Je zou denken dat de muziek in het verlengde van Trail Of Tears ligt, aangezien er drie leden van die band actief zijn in Viper Solfa. Niets is minder waar aangezien Morfeus namelijk de belangrijkste songwriter is. Hij zorgt ervoor dat het geheel veel harder, sneller en agressiever klinkt dan je zou verwachten. Slechts af en toe (in Vulture Kingdom, War Of Zion en Shahanshah) is er nog iets wat aan het gothic materiaal van de voorganger doet denken. Over het algemeen is het echter theatrale extreme metal met veel gemene, scherpe en ‘gevaarlijke’ thrash- en blackmetalriffs wat de klok slaat.
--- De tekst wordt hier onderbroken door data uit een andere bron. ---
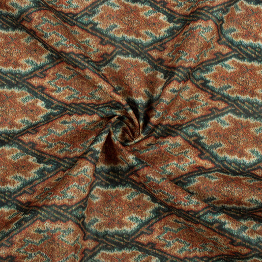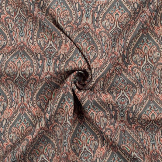 Slate Grey And Umber Brown Ethnic Pattern Digital Print Viscose Chanderi Fabric Slate Grey And Umber Brown Ethnic Pattern Digital Print Viscose Chanderi Fabric

De Noren zelf noemen het poison music en dat is nog niet eens zo’n slecht bedachte term. De giftige muur van riffs, die sterk in de mix staat, zorgt namelijk voor een donkere en creepy sfeer. Enerzijds een goede zet, aan de andere kant drukt het soms de zang wat weg in de mix. De keyboardpartijen zetten het toxische karakter nog eens extra kracht bij, ook al zijn ze slechts op de achtergrond aanwezig. Tijdens de trage passages, zoals die in Funeral Of Kings, Vulture Kingdom en Call For Silence, komt het giftige karakter het sterkst naar voren.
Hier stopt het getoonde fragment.